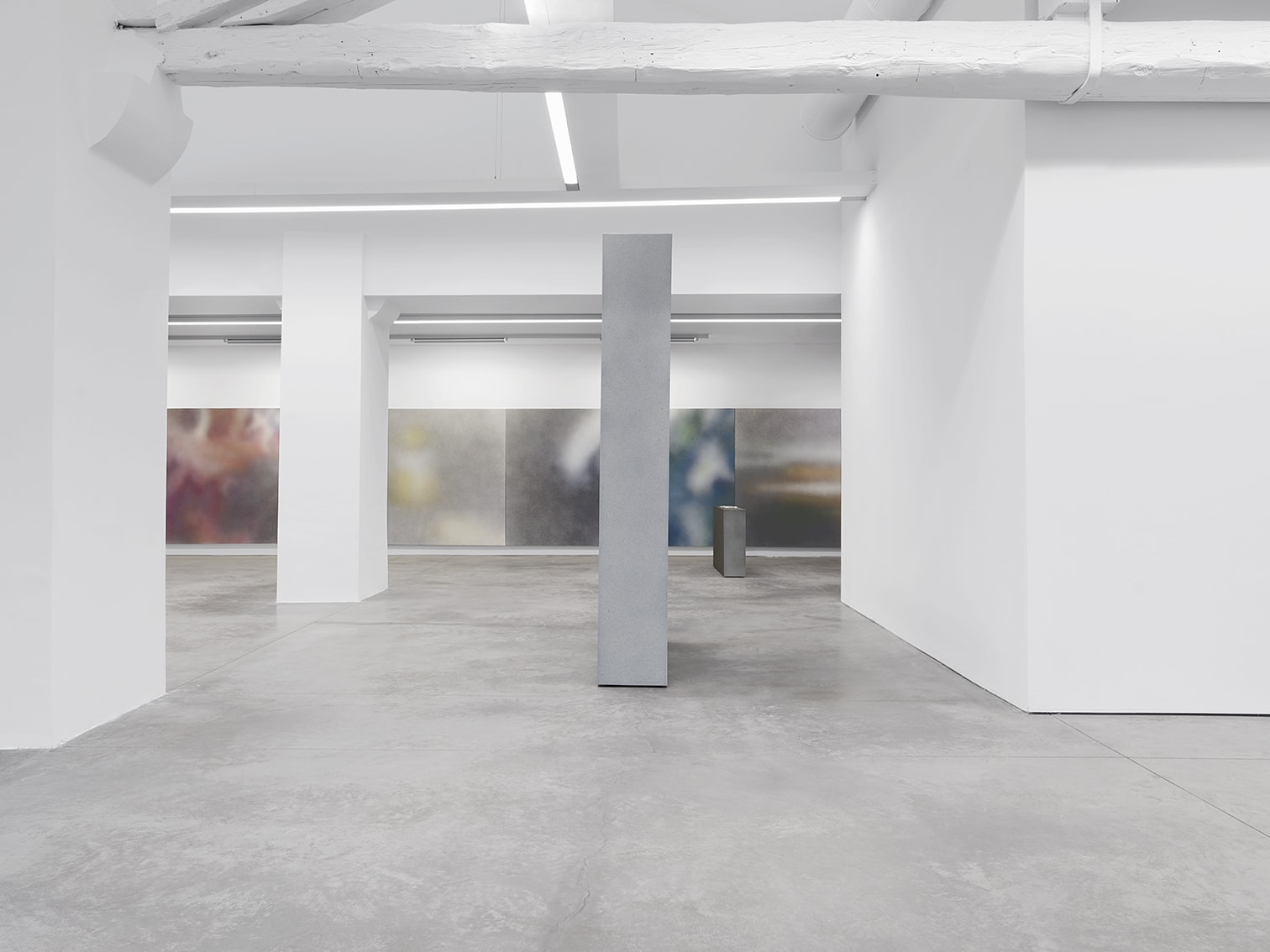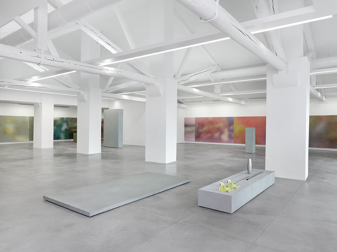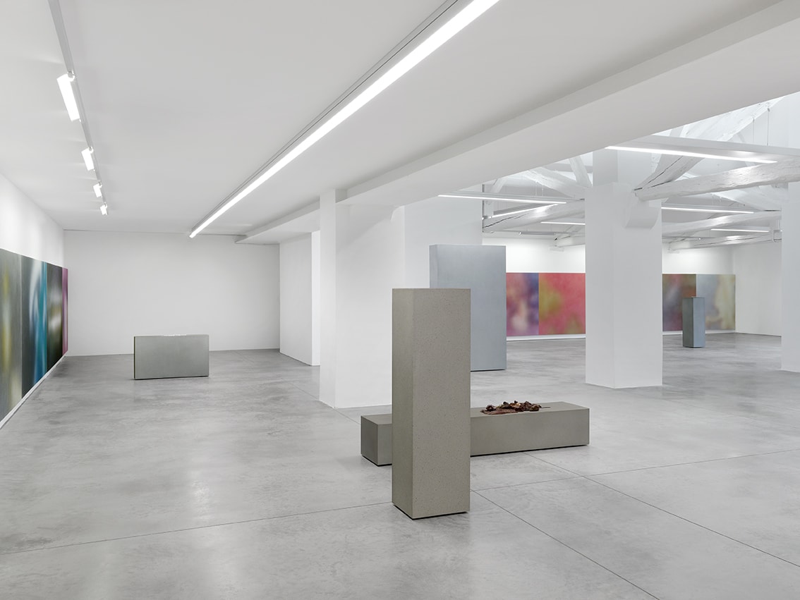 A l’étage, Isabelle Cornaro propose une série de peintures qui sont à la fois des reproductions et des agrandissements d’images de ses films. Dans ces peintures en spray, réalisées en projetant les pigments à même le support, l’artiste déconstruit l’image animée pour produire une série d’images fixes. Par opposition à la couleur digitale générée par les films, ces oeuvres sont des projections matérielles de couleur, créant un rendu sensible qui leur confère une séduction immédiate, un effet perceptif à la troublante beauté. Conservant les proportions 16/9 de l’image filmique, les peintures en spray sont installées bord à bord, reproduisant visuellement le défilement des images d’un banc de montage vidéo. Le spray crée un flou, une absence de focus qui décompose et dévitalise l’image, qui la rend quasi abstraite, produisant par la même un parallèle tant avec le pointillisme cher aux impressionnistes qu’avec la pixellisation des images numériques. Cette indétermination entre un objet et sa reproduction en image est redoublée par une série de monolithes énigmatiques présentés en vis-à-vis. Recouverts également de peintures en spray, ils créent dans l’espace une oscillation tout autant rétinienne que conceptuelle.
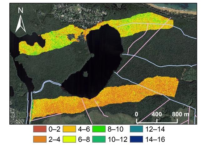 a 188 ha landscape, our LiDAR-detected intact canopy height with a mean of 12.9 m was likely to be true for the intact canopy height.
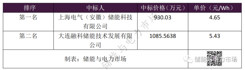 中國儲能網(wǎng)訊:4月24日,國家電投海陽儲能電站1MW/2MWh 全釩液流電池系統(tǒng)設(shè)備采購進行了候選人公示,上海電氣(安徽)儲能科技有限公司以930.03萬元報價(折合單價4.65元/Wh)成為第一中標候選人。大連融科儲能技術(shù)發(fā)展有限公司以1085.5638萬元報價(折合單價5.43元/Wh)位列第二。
━━━━━━
Requirement
Word for word, reproduce all of the data, but keep out the pictures.

Answer section
 A l’étage, Isabelle Cornaro propose une série de peintures qui sont à la fois des reproductions et des agrandissements d’images de ses films. Dans ces peintures en spray, réalisées en projetant les pigments à même le support, l’artiste déconstruit l’image animée pour produire une série d’images fixes. Par opposition à la couleur digitale générée par les films, ces oeuvres sont des projections matérielles de couleur, créant un rendu sensible qui leur confère une séduction immédiate, un effet perceptif à la troublante beauté. Conservant les proportions 16/9 de l’image filmique, les peintures en spray sont installées bord à bord, reproduisant visuellement le défilement des images d’un banc de montage vidéo. Le spray crée un flou, une absence de focus qui décompose et dévitalise l’image, qui la rend quasi abstraite, produisant par la même un parallèle tant avec le pointillisme cher aux impressionnistes qu’avec la pixellisation des images numériques. Cette indétermination entre un objet et sa reproduction en image est redoublée par une série de monolithes énigmatiques présentés en vis-à-vis. Recouverts également de peintures en spray, ils créent dans l’espace une oscillation tout autant rétinienne que conceptuelle.
 a 188 ha landscape, our LiDAR-detected intact canopy height with a mean of 12.9 m was likely to be true for the intact canopy height.
 中國儲能網(wǎng)訊:4月24日,國家電投海陽儲能電站1MW/2MWh 全釩液流電池系統(tǒng)設(shè)備采購進行了候選人公示,上海電氣(安徽)儲能科技有限公司以930.03萬元報價(折合單價4.65元/Wh)成為第一中標候選人。大連融科儲能技術(shù)發(fā)展有限公司以1085.5638萬元報價(折合單價5.43元/Wh)位列第二。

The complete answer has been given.